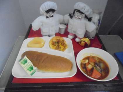 今日の献立は、牛肉のケチャップ煮、変わりピザ、白桃(缶)、パン、牛乳です。
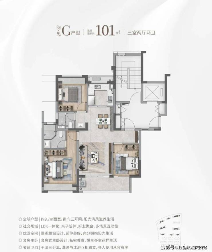 高层建面约101㎡3房2厅2卫
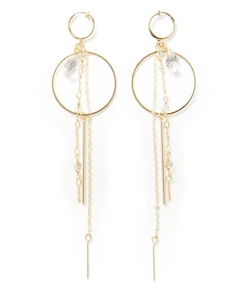ゆれるモチーフが表情を豊かに見せてくれるイヤリング。 クリアストーンを使って涼しげに仕上げたアイテム。 様々なデザインのチェーンを使い遊び心をくすぐられる。 ★素材の特性上、カラーが、写真と多少異なる場合があります。 ★真鍮なので錆びにくい素材です。 ★金属アレルギーの原因となるニッケルをほぼ含まず、アレルギーの方にも安心なニッケルフリー加工でお肌に優しい素材です。 ★耳たぶをはさむタイプのイヤリングです。

Problem description: Transcribe all of the listing precisely. The images stay out of it.

Solution for this problem:
 今日の献立は、牛肉のケチャップ煮、変わりピザ、白桃(缶)、パン、牛乳です。
 高层建面约101㎡3房2厅2卫
ゆれるモチーフが表情を豊かに見せてくれるイヤリング。 クリアストーンを使って涼しげに仕上げたアイテム。 様々なデザインのチェーンを使い遊び心をくすぐられる。 ★素材の特性上、カラーが、写真と多少異なる場合があります。 ★真鍮なので錆びにくい素材です。 ★金属アレルギーの原因となるニッケルをほぼ含まず、アレルギーの方にも安心なニッケルフリー加工でお肌に優しい素材です。 ★耳たぶをはさむタイプのイヤリングです。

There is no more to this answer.